/gogo

Gogo handles database migrations in Go code like yoyo-migrate for python (well, a little like that)

Primary LanguageGo

gogo

Gogo handles database migrations in Go code like yoyo-migrate for python (well, a little like that).

It has been tested with MySQL, Postgresql and with SQLITE3 driver.

USAGE

gogo considers a migration to be a gogo.Migration struct:

type Migration struct {
	Apply    func(*Tx)
	Rollback func(*Tx)
}

In practice, you create an array like so:

var myMigrations = []*gogo.Migration{
	{
		Apply: func(tx *gogo.Tx) {

		},
		Rollback: func(tx *gogo.Tx) {

		},
	},
}

To migrate the database to the latest version, gogo has:

// Apply migrates the database to the latest migration version
func Migrate(db *sql.DB, migrations []Migration) (err error) {

In your code, you would use:

	err := gogo.Migrate(db, myMigrations)
	if nil!=err {
		log.Fatal(err)
	}

gogo will always migrate to the latest version (which it tracks in the database using a table called, _gogo_migrations, although you can rename it with the function gogo.MetaTable("gogo_version_table") for instance).

Rolling back a database is equally easy:

func Rollback(db *sql.DB, destinationVersionString string, migrations []Migration) (err error) {

In practice, this becomes:

	rollbackTo := flag.StringVar(`rollback`, `-1`, `rollback the database version to the nth-to-last migration`)
	flag.Parse()
	if ``!=*rollbackTo {
		err := gogo.Rollback(db, *rollbackTo, myMigrations)
		if nil!=err {
			log.Fatal(err)
		}
	}

When providing a rollback version, you can use a positive number (e.g. 0 would roll you right back to the database before any migrations were applied), or a negative number (-1 rolls back only the last migration defined, -2 the last 2 defined migrations), and so on. NOTE that the migration is calculated from the migrations defined, not the migrations applied. So if you -rollback -1 if will roll the database back to the next-to-last migration. If you -rollback -1 a second time, nothing will happen, because the database is already at the next-to-last migration.

DEFINING MIGRATION

The gogo.Migration methods Apply(tx *gogo.Tx) and Rollback(tx *gogo.Tx) come with an augemented *sql.Tx, that adds some utility functions. See the godoc or Tx.go for these.

FAILING MIGRATION

To fail a migration (or a rollback of one), just panic. gogo will catch the panic and report an error.

ERROR MESSAGES

Errors that occur while gogo executes are reported with gogo.PrintError. This is defined in the file Log.go as:

var PrintError = func(f string, args... interface{}) {
	fmt.Fprintf(os.Stderr, f, args...)
	log.Printf(f, args...)	
}

To use your own error logging, just set this to your own function:

	gogo.PrintError = func(f string, args... interface{}) {
		// ... handle the error yourself
	}

DIFFERENT DATABASES

gogo works with MySQL / Mariadb by default. However, it also supports Postgres and SQLite3.

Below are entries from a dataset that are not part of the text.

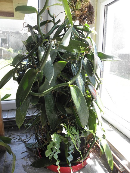 Vypadá to nadějně ale pokud člověk nikdy Vanilku neviděl kvést nelze to říci jednoznačně. Mám ji cca 3 nebo 4 roky ve skleníku a točím ji neustále okolo kmene, který je přes dva metry vysoký. Vyšplhá nahoru tak ji otočím dolů a stále se to opakuje. Je vsazená přímo v zemi v klasické půdě. Roste jako blázen, listy stále větší jak kořeny prorůstají zeminou blíže k jezírku. Už bude dlouhá možná 10 metrů ale rozmotávat ji nebudu. Tohle omotávání nahoru a dolů jsem viděl na fotech z plantáží, tak to také tak dělám a těším se, že také uvidím květ. Údajně kvete cca 3-4 rokem ale když má prý délku cca 6m.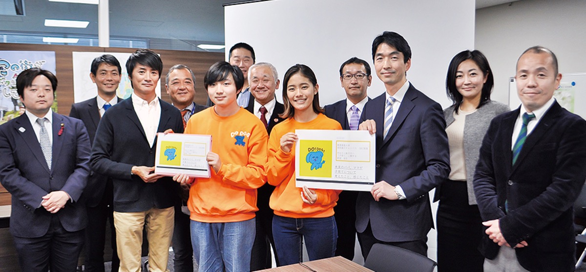 学生や教職員、卒業生が協働で取り組む同大の「SBC(Student Build Campus)」の一環。OBの高橋成壽さん(41)が「出生率向上」をテーマに発案し、1年生4人と2年生1人が参加した。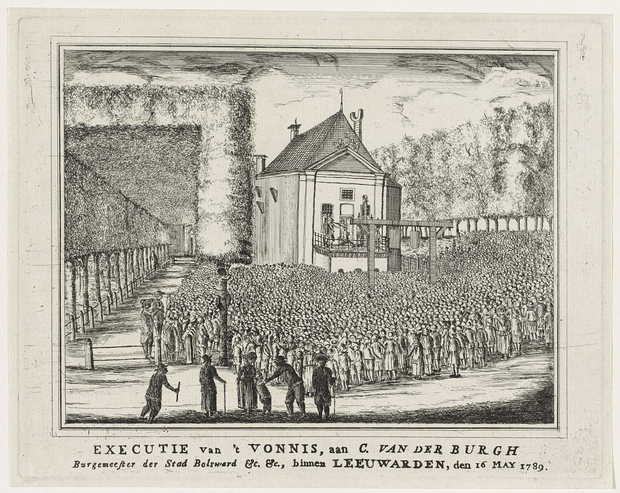 Terechtstelling van Cornelis van der Burg, uitgesproken patriotse burgemeester van Bolsward, te Leeuwarden op 16 mei 1789. Voor het schavot een grote massa toeschouwers. Als de burgemeester geblinddoekt knielt op het schavot houdt de beul het zwaard boven zijn hoofd en wordt het doodsvonnis omgezet in een verbanning van twintig jaar.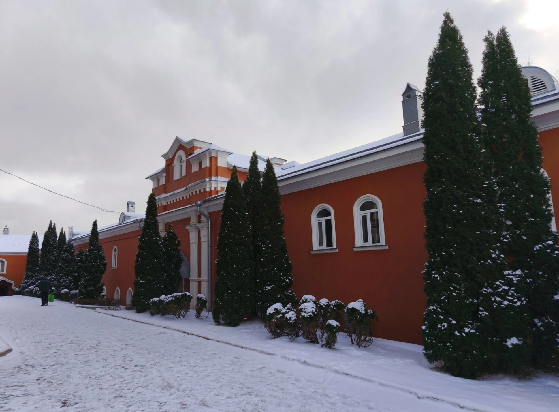 Представленная фотография запечатлела Церковь Вознесения Господня в подмосковном Сергиевом Посаде в дни зимнего умиротворения. Святыня, относящаяся к объектам культурного наследия этого древнего православного центра, предстаёт в тихом благолепии под сенью пасмурного неба. Её фасад, выкрашенный в тёплый и глубокий красный цвет, являет собой символ духовной радости и торжества жизни во Христе. Белоснежные обрамления арочных окон и скромный фронтон в центральной части придают облику храма строгую, классическую завершённость, характерную для многих церковных строений этих мест.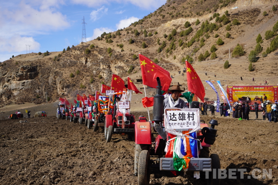 這是一次跨越時光的并軌。湛藍(lán)蒼穹下,身著盛裝的群眾手捧寓意五谷豐登的“切瑪”,拋灑青稞美酒,古老的祈福聲穿透晨霧;而在同一片田壟間,涂裝著高原紅的拖拉機(jī)列隊行進(jìn),鋒利的旋耕刀片劃開沉睡的沃土。一側(cè)是綿延千年的農(nóng)耕文化,一側(cè)是現(xiàn)代農(nóng)業(yè)的機(jī)械力量,兩者在海拔近4000米的高寒地帶交相輝映,繪就一幅新舊共生、協(xié)力向前的“春耕實景圖”。

To use a different database, you need to call gogo.SetInterface(gogo.DbInterface). gogo has three defined DbInterfaces: gogo.MysqlInterface, gogo.PgInterface and gogo.Sqlite3Interface. So, to use gogo with PostgresQL, you need:

gogo.SetInterface(&gogo.PgInterface)

To use gogo with Sqlite3:

gogo.SetInterface(&gogo.Sqlite3Interface)

If you would like to use gogo with a different database, have a look at DbInterface.go, MysqlInterface.go, PgInterface.go and Sqlite3Interface.go for examples of providing the functionality gogo requires to support a different database engine.